THE WORKINGMEN'S PROGRAMME (1862)TRANSLATED BY E.H. BABBITT, A.B

Assistant Professor of German, Tufts College


Gentlemen: Requested to deliver an address before you, I have thought it best to choose, and to treat in a strictly scientific way, a subject, which, from its nature, must be particularly interesting to you, namely, the special relation of the character of the historical period in which we are living to the idea of a working class.

I have said that my treatment of the subject will be purely scientific.

A true scientific attitude, however, is nothing more than perfect clearness, and therefore the complete separation of our thinking from any preconceived notion. For the sake of this complete absence of preconceived notions with which we must approach the subject, it will even be necessary, in the course of the discussion, to form a clear conception of what we really mean by the term "workingmen" or "working class." For even on this point we must not admit any preconceived notion, as if these terms were something perfectly well understood—which is by no means the case. The language of common life very frequently attaches at different times different conceptions to the words "workingman" or "working class," and we must therefore, in due time, get a clear conception as to what meaning we will attach to these designations.

With this problem, however, we are not concerned at the present moment. We must rather begin this presentation with a different question: The working class is only one class among several which together form the body politic, and there have been workingmen at every historical period. How, then, is it possible, and what does the statement mean, that a particular connection exists between the idea of this special definite class and the principle of the particular historical period in which we are living?

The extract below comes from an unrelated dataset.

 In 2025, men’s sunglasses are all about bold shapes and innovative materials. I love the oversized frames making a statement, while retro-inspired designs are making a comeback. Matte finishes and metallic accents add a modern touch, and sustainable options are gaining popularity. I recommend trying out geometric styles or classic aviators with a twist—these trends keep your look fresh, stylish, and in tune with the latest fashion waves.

To understand this it is desirable to take a glance into history—into the past, which properly interpreted, here, as everywhere, gives us the key to the present and points out to us an outline of the future. In this retrospect we must be as brief as possible, or we shall be in danger (in the short time which is before us) of not reaching at all the essential subject of the discussion. But even at this risk we shall at least be obliged to cast such a glance into the past, even if it is limited to the most general considerations, in order to understand the import of our question and of our subject.

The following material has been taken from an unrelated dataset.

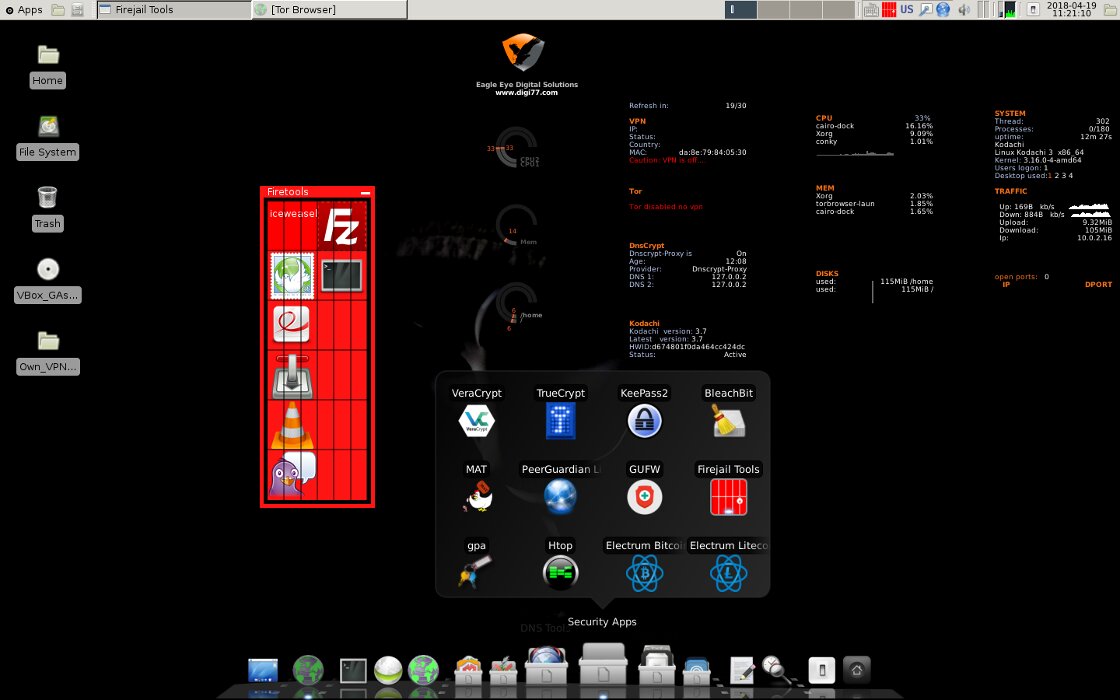 В качестве среды рабочего стола для Kodachi была выбрана Xfce, а общий интерфейс операционки стилизован под macOS. Статус подключения к Tor и VPN, а также большинство текущих параметров загрузки системы выводятся в режиме реального времени и отображаются прямо на рабочем столе.

If, then, we go back to the Middle Ages, we shall find, in general, that the same classes and divisions of the population which today compose the body politic were already in existence, although by no means so fully developed; but we find, furthermore, that at that time one class, one element, is predominate—the landholding element. It is land proprietorship which in the Middle Ages is the controlling influence in every particular, which has put its own special stamp upon all the institutions and upon the whole life of the time: it must be pronounced the ruling principle of that period.

The reason why land ownership is the ruling principle of that time is a very simple one. It lies—at least this reason is quite sufficient for our present purposes—in the economic conditions of the Middle Ages and in the state of development of production. Commerce was then very slightly developed, manufactures still less. The chief wealth of every community consisted, in greatest measure, in the products of agriculture.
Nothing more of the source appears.